▶ **Exercise directions**:
Quote exactly, and only, the lines from the one containing "Com o Builderduck, você" through the end of the material below. Skip pictures.

▶ **Data below**:
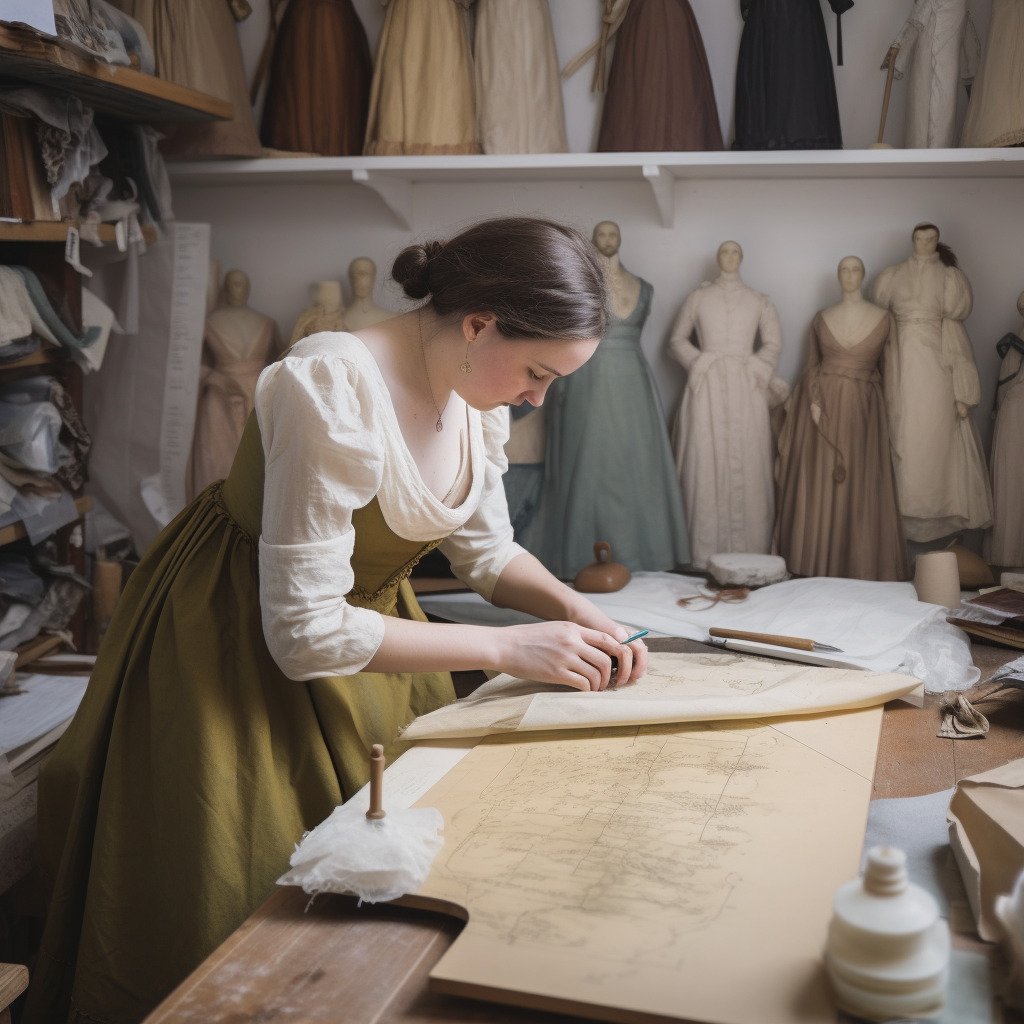 La création de patrons sur mesure est une étape cruciale dans la réalisation de vêtements historiques. Les costumiers doivent prendre en compte les spécificités des silhouettes de chaque époque, ainsi que les contraintes liées aux tissus et aux techniques de couture disponibles. Ils doivent également adapter les patrons aux mensurations des acteurs ou des mannequins qui porteront les costumes, tout en veillant à préserver l’authenticité du rendu final.
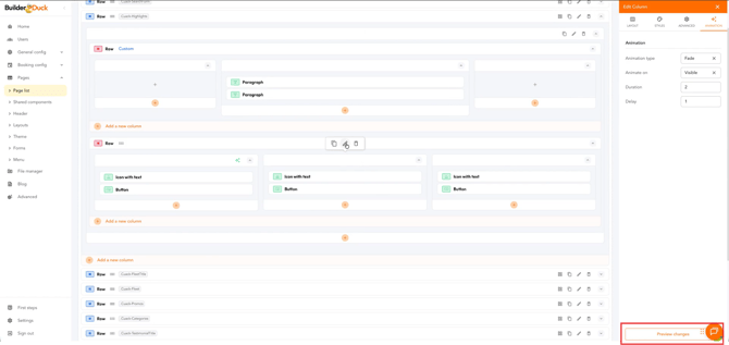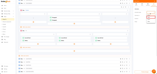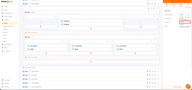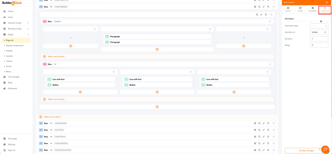 Com o Builderduck, você pode adicionar animações aos diferentes componentes do seu site, escolhendo quando e por que elas começam, bem como sua duração.
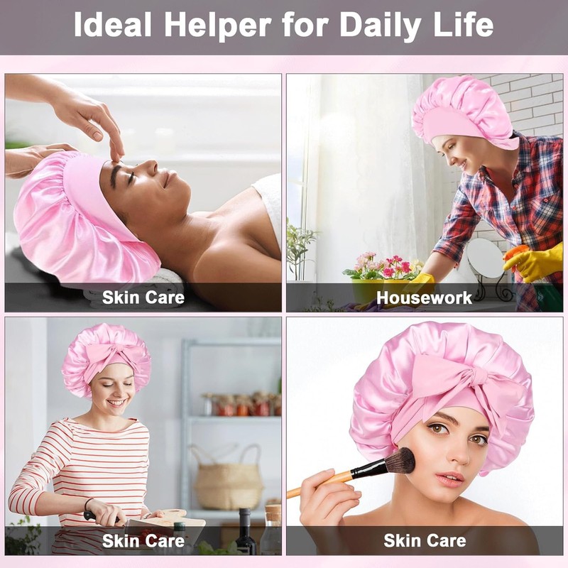 - 【Amplia gama de usos】 Este gorro de seda satinada no solo es bueno para dormir, sino que también es adecuado para lavarse, ducharse y cuidar la piel, sin importar el maquillaje, la limpieza, la cocina, el estudio, el trabajo, etc. Es liviano, no agrega mucho peso extra para tu cabeza.

▶ **Output for this exercise**:
 Com o Builderduck, você pode adicionar animações aos diferentes componentes do seu site, escolhendo quando e por que elas começam, bem como sua duração.
 - 【Amplia gama de usos】 Este gorro de seda satinada no solo es bueno para dormir, sino que también es adecuado para lavarse, ducharse y cuidar la piel, sin importar el maquillaje, la limpieza, la cocina, el estudio, el trabajo, etc. Es liviano, no agrega mucho peso extra para tu cabeza.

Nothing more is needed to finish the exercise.